Lol! No, they looked that big


----------



## AngerManagment (Jul 10, 2009)

rangerpig250 said:


> Yeah , got to watch the show you put on! Couldn't find the 12's, but plenty of nice fish! Great job


hahaha. was that you in the ranger then with tinted windows..... Looked really sweet man. that was some funny stuff. 

Nice job


----------



## CarpetBagger (Sep 21, 2009)

let the shaking and twitching start...

Very nice fish


----------



## rangerpig250 (Apr 10, 2011)

AngerManagment said:


> hahaha. was that you in the ranger then with tinted windows..... Looked really sweet man. that was some funny stuff.
> 
> Nice job


Yeah, that was me ! Sorry about that pass where I got a little too close, head up ars!!! What a blast out there!
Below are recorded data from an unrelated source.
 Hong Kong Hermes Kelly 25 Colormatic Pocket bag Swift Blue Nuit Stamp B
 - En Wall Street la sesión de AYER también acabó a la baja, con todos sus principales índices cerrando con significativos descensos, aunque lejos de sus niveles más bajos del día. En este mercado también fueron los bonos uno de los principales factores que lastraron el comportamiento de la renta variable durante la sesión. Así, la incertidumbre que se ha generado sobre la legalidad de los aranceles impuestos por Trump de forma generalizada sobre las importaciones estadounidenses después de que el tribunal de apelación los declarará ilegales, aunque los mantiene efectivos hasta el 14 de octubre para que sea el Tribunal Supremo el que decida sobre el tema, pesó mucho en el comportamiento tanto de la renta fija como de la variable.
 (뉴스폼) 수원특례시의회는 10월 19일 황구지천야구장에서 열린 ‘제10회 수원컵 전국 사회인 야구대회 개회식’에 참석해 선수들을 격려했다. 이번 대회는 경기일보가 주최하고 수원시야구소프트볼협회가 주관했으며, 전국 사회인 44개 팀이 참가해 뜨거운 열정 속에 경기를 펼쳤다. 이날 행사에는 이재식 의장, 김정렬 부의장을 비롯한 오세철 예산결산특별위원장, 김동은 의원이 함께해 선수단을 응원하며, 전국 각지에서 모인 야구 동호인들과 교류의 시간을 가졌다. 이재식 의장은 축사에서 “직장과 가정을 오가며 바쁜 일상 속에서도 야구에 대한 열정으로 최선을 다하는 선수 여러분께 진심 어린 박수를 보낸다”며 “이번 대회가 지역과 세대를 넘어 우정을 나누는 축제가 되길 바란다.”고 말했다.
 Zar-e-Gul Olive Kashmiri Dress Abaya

Great talking to you out there


----------



## AngerManagment (Jul 10, 2009)

rangerpig250 said:


> Yeah, that was me ! Sorry about that pass where I got a little too close, head up ars!!! What a blast out there! Great talking to you out there


LOL its no big deal man. happens all the time. We didnt care, what makes it interesting. 

It was funny though when Mike said you couldnt see through those tinted windows though.


----------



## perfcetion (May 3, 2006)

What channel does everyone monitor when out there?? I turned my little portable radio on scan and not sure I heard anyone talking..


----------



## pelagic (Jul 12, 2012)

You guys sure put on a show out there. WTG!


----------



## eyedreamn (Jun 12, 2011)

OH.....SNAP!

Chuck you must be on the friends and family plan. I didn't get any nice photos like that...

Sent from my SCH-I545 using Ohub Campfire mobile app


----------



## sylvan 17 (May 22, 2010)

eyedreamn said:


> OH.....SNAP!
> 
> Chuck you must be on the friends and family plan. I didn't get any nice photos like that...
> 
> Sent from my SCH-I545 using Ohub Campfire mobile app


I told him I needed some fish porn...


Posted using Outdoor Hub Campfire


----------



## GlennD (Apr 29, 2011)

Those are some GIANTS !!! Great Job guys !!


----------



## DancinBear (Apr 21, 2009)

Was nice meeting u guys in the lot after fishing. Those were some pigs. Nice job 


Posted using Outdoor Hub Campfire


----------



## eyedreamn (Jun 12, 2011)

I was getting the stink eye on Sunday with all the fish porn hitting my phone....:S


----------



## rangerpig250 (Apr 10, 2011)

AngerManagment said:


> LOL its no big deal man. happens all the time. We didnt care, what makes it interesting.
> 
> It was funny though when Mike said you couldnt see through those tinted windows though.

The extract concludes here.